Didn’t wings used to be the cheapest part? Guess I need to start working on my buffalo-style chicken neck recipe.

Wings used to be sold along with backs and necks and giblets. The price was chicken feed.

That’s the irony; chicken wings used to be undesirable and therefore cheap, but the popularity of buffalo wings means that they’re among the most expensive parts of the chicken now.

Perhaps it has to do with supply. Maybe butchers get large shipments of wings at the beginning of each month so sales go up, as the stock dwindles over the month sales go down.

That saw-tooth pattern doesn’t make any sense to me.

  • I doubt all supermarkets place chicken wing orders in the same predictable, cyclical manner.
  • Pay schedules are varied and not synchronized.
  • There aren’t enough welfare or SS recipients to make a noticeable difference.

Wikipedia says “Chickens will naturally live for 6 or more years, but broiler chickens typically take less than 6 weeks to reach slaughter size.”

Again though, I can’t see all chicken farms being synchronized.

Weird.

The peaks are broad enough to actually cover almost a 2 wk period in many cases. Some of that variability could be accounted for by such a broad peak.

Fun fact: the same is true of lobster.

Oysters, too, I think.

Fish, in general.

Dewey Finn:

Raw wings? That doesn’t agree with my experiences.

Perhaps it’s true of prepared wings.

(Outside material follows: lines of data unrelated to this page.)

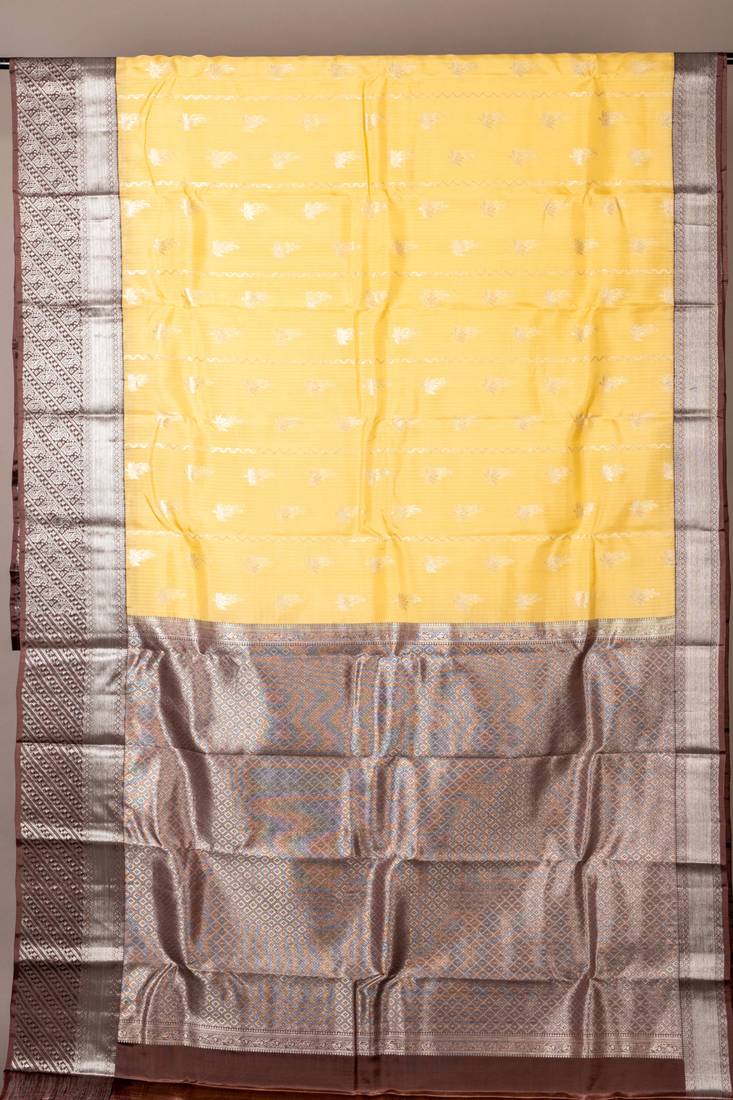 Yellow and chocolate pure touch silk saree please change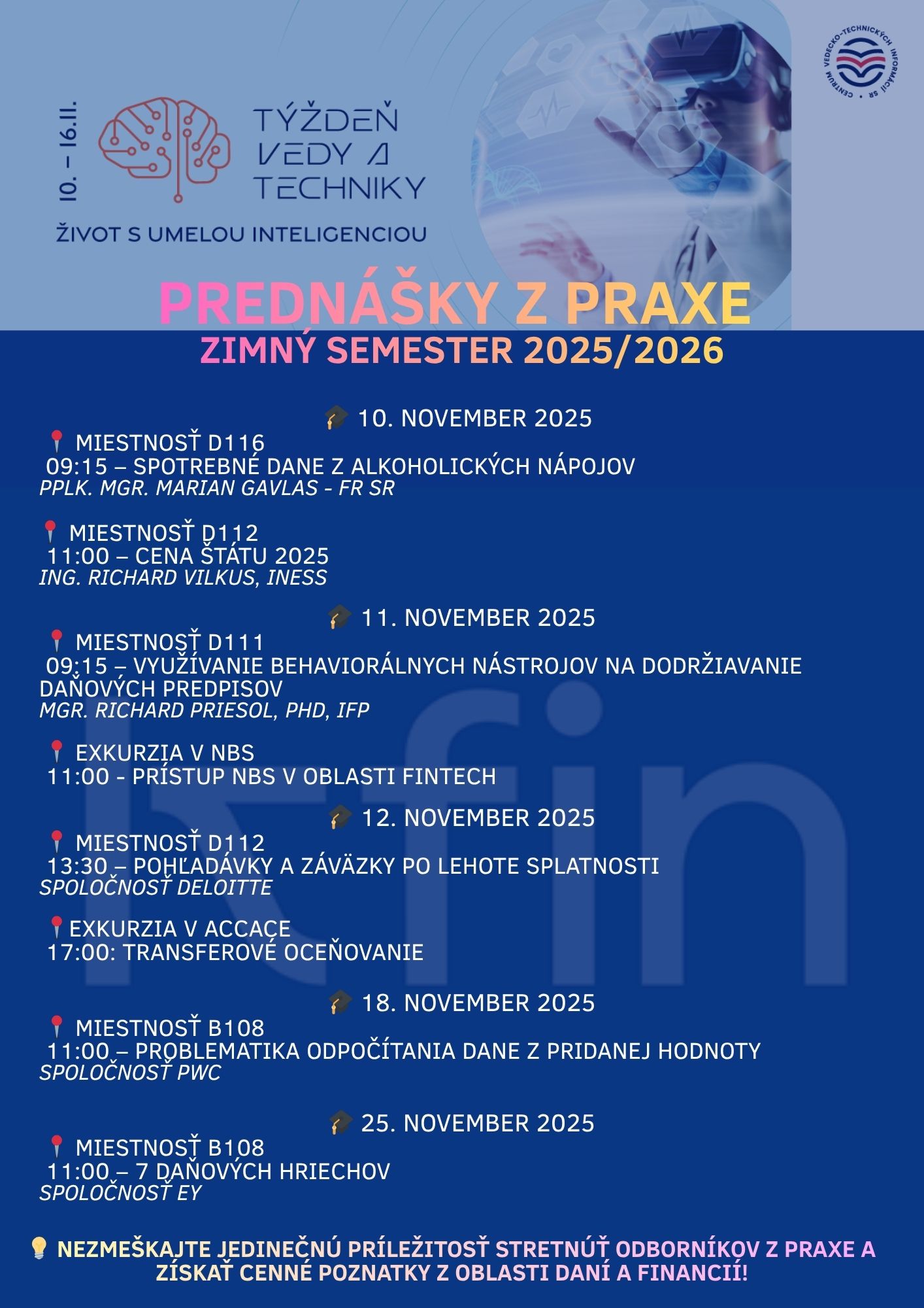V rámci celoslovenského podujatia Týždeň vedy a techniky 2025 pripravila Katedra financií sériu odborných prednášok z praxe, ktoré prinášajú študentom autentický pohľad na aktuálne otázky z oblasti daní, financií a podnikovej praxe.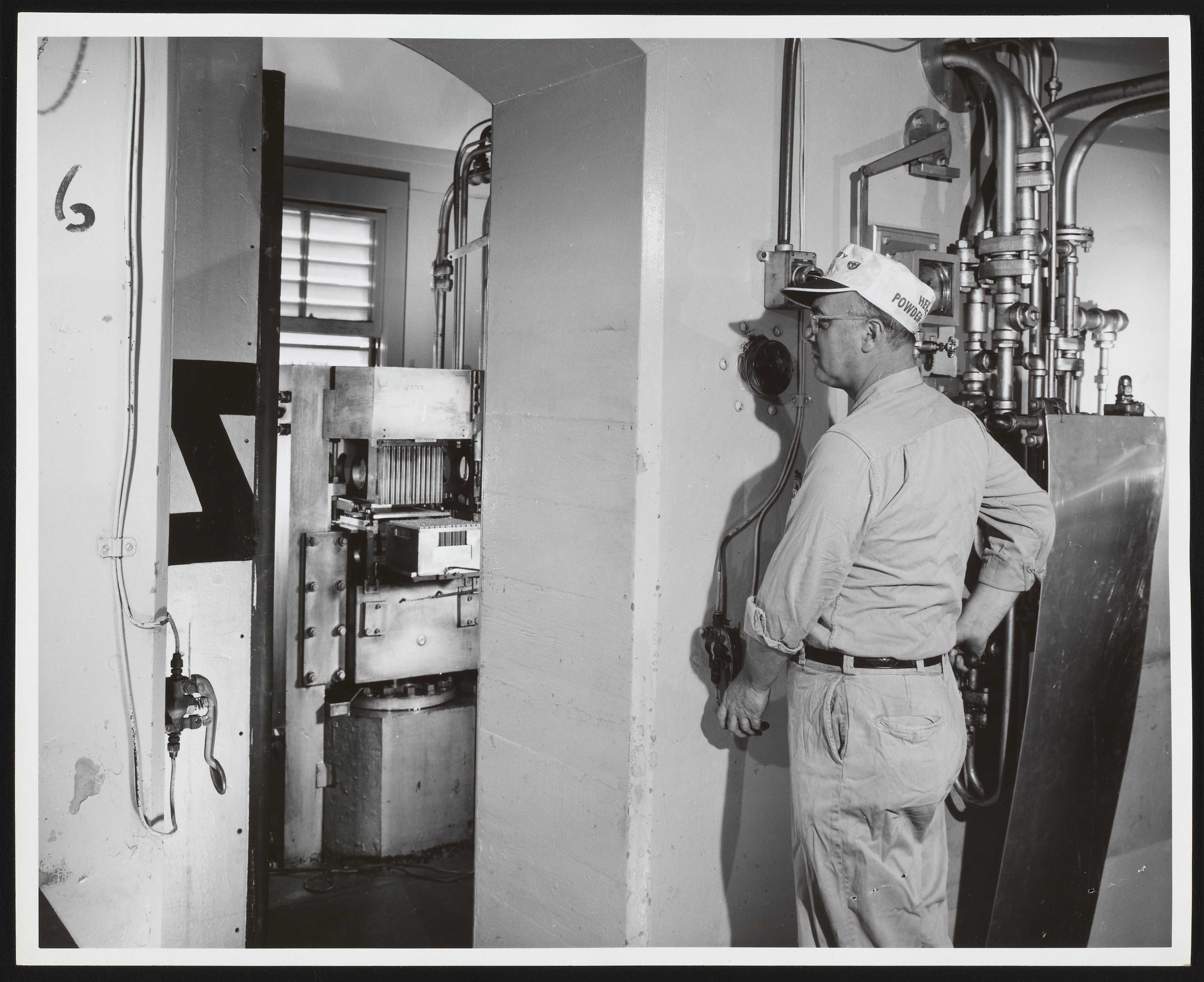 General view of employee Kenneth Newell operating a press machine used to fill electric blasting caps with an explosive charge at the Hercules Powder Company plant in Port Ewen, New York. The operation was remote-controlled and, per notations accompanying the photograph, the machine typically operated behind a concrete barricade, which is open here for the purposes of the photograph.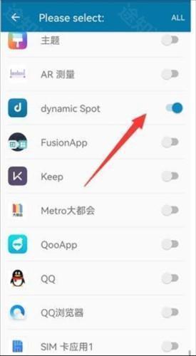 3、第三步:进入第一行我们需要先找到【dynamicSpot】,然后开启后面的开关。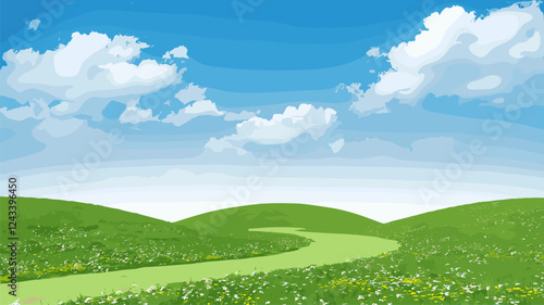 © PixeloAI, Obraz premium Rolling Green Hills with Winding Path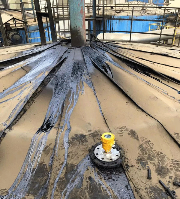 現場儲罐高度為7m,罐內瀝青溫度220℃,罐內有加熱盤盤管,且直徑較小;加熱盤管內有高溫蒸汽,使瀝青一直保持在液態;儀表安裝高度為7.5m,安裝法蘭為DN150。之前客戶選用的是26G喇叭口雷達物位計,由于瀝青的粘附性,即使喇叭口做了防塵罩保護, 喇叭口天線外部及底部天線罩有大量掛料,嚴重影響了雷達信號傳輸。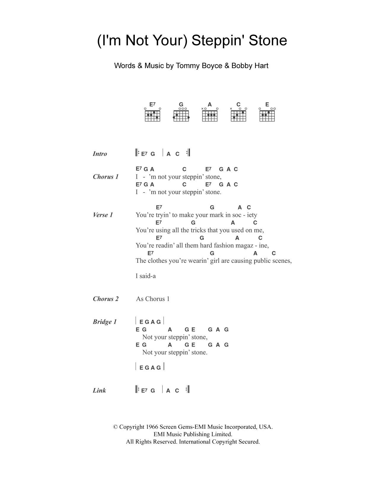 Download or print The Monkees (I'm Not Your) Steppin' Stone sheet music, chords and digital score arranged for Piano, Vocal & Guitar Chords (Right-Hand Melody). This Pop score includes 3 page(s).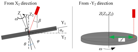 Table 2 lists the corresponding and β of seven kinds of angular velocity ω. The mean value of β is 1.8714°, the standard deviation is 0.0014°, and the coefficient of variation is 0.074%. Like the static measuring method, the measurement results of the new method also have high stability. However, the measurement results of the two methods are not the same. In particular, the result of the dynamic measurement method is 0.0406° smaller than that of the static measurement. In the next section, the main reasons for errors in the dynamic measuring device will be analyzed and discussed below.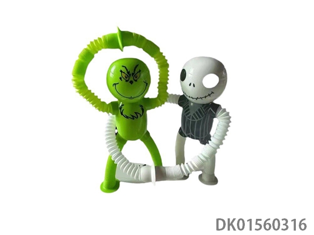 万圣节百变拉伸管减压伸缩管解压骷髅骨架头姜饼人雪人整蛊玩具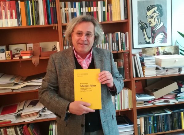 Zum 60. Geburtstag des Leipziger Verlegers Michael Faber ist im Verlag Battista Barolo Publishers (Leipzig, Paris, New York, Timbuktu) eine Festschrift erschienen – sichtlich zur Freude des Jubilars (Foto).Unter dem Motto des Bandes: „Gott bewahre mich vor jemand, der nur ein Büchlein gelesen hat“ (Thomas von Aquin) hat dabei Herausgeber Beppe Brunello du Pape Wort- und Bildbeiträge von Autoren, Künstlern, Freunden und Wegbegleitern (w/m/d) des Jubilars versammelt, darunter Jonathan Böhm, Volker Braun, Ulrich Faure, Hubertus Giebe, Sighart Gille, Josef Haslinger, Johannes Heisig, Wolfgang Hocquel, Simeon Hüttel, Alain Lance, Andreas Platthaus, Hans Ticha, Jan Peter Tripp, Klaus Waschk, Baldwin Zettl und vielen anderen.

They’re a bitch to de-feather, I can tell you that.

I think it just has to do with the frequency of reporting by grocery stores. Some are reporting once a week and one or more of the really large chains is only reporting once a month during that monthly spike.

ETA: If a huge chain like Costco (which sells tons of frozen wings) only reported once a month, it alone could probably account for the spike.

The weird thing about that graph to me, beyond the strange monthly peaks and valleys is that I’d have thought the totals would have gone up during football season- the relatively small number of football games are more of a tv-watching event than baseball, basketball or any other sport with large schedules.

Instead, the graph seems to trail downward in the latter half of the year.

I suspect it’s something like that. You wouldn’t see the same thing with delis because they’re so small.